- Born: Luis Cluzeau Mortet November 16, 1888 Uruguay
- Died: September 28, 1957 (aged 68)
- Genres: Musical nationalism
- Occupations: Musician, Composer, Director and Professor
- Instrument: Violin
- Website: Orquesta Sinfónica del SODRE^{[link removed]}

= Luis Cluzeau Mortet =

Luis Cluzeau Mortet (November 16, 1888 - 28 September 1957) was a Uruguayan composer and musician.

==Life==
Cluzeau Mortet, along with Alfonso Broqua, Eduardo Fabini and Vicente Ascone, a representative of the nationalist tendency that emerged in Uruguayan music in the 1910s and 20s.

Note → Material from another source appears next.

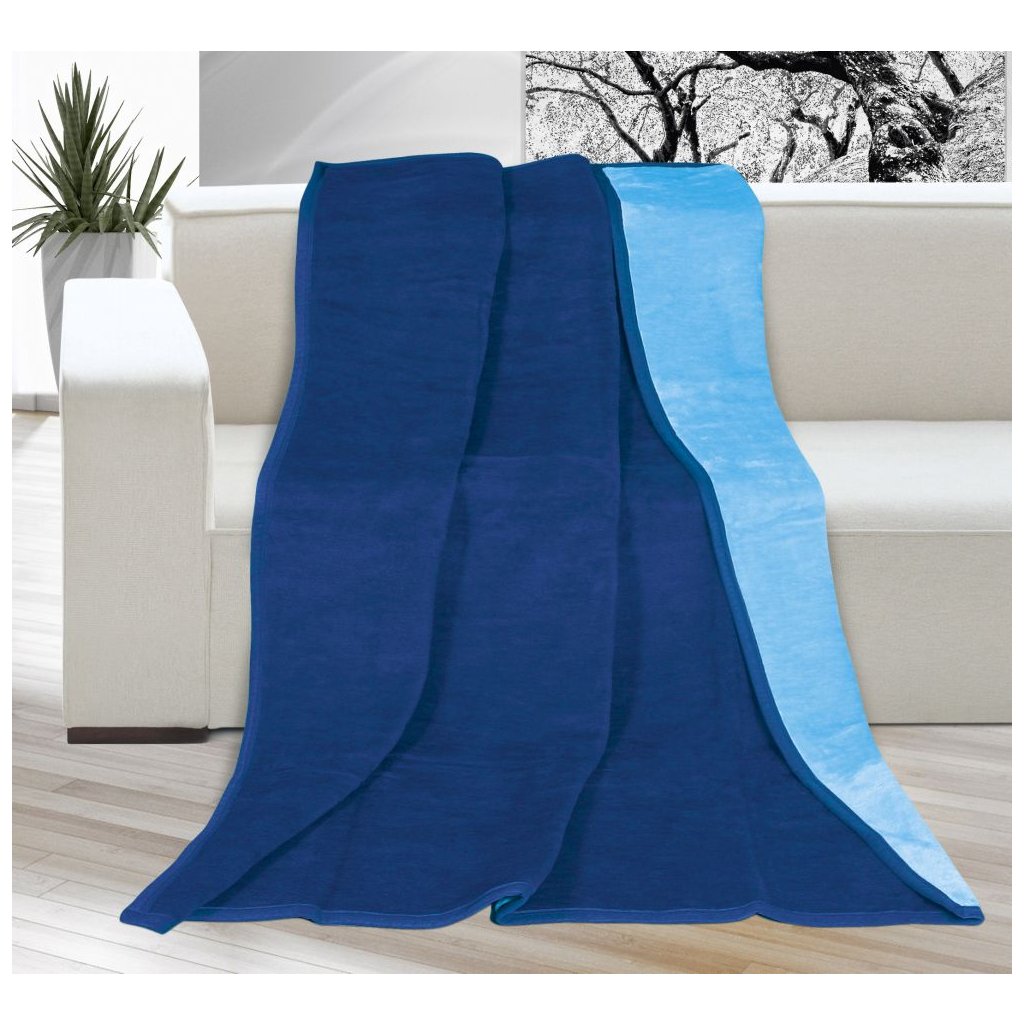 Deka jednobarevná 150x200cm tmavě modrá / světle modrá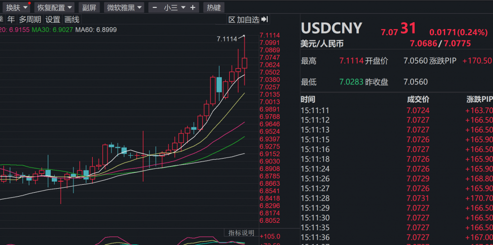 中国外汇投资研究院副院长赵庆明表示,总体来看,虽然暂时破“7”,但不会出现大幅贬值的情况,也不会重新贬回到去年7.30的低点,这个可能性是基本不存在的。

He played first violin for Ossodre (SODRE Symphony Orchestra) from 1931 until 1946 but had to step down due to a hearing affliction.

As a composer, his most recognized work was for piano, song and piano and symphonic music.
He wrote for the symphony orchestra several pieces of music, including, Rancherío, Poema Nativo, Llanuras, Soledad Campestre, La Siesta, Preludio y Danza and Sinfonía Artigas.
He also wrote "El Quinielero" and "Gimiendo", two famous tangos recorded by Carlos Gardel.
His masterpiece was Carreta Quemada, done in 1916.

He was a high school teacher and also named Honorary Choir Director for the National Institute for the Blind.

Mortet's grandfather was the French-Uruguayan composer and pianist Pablo (Paul) Faget.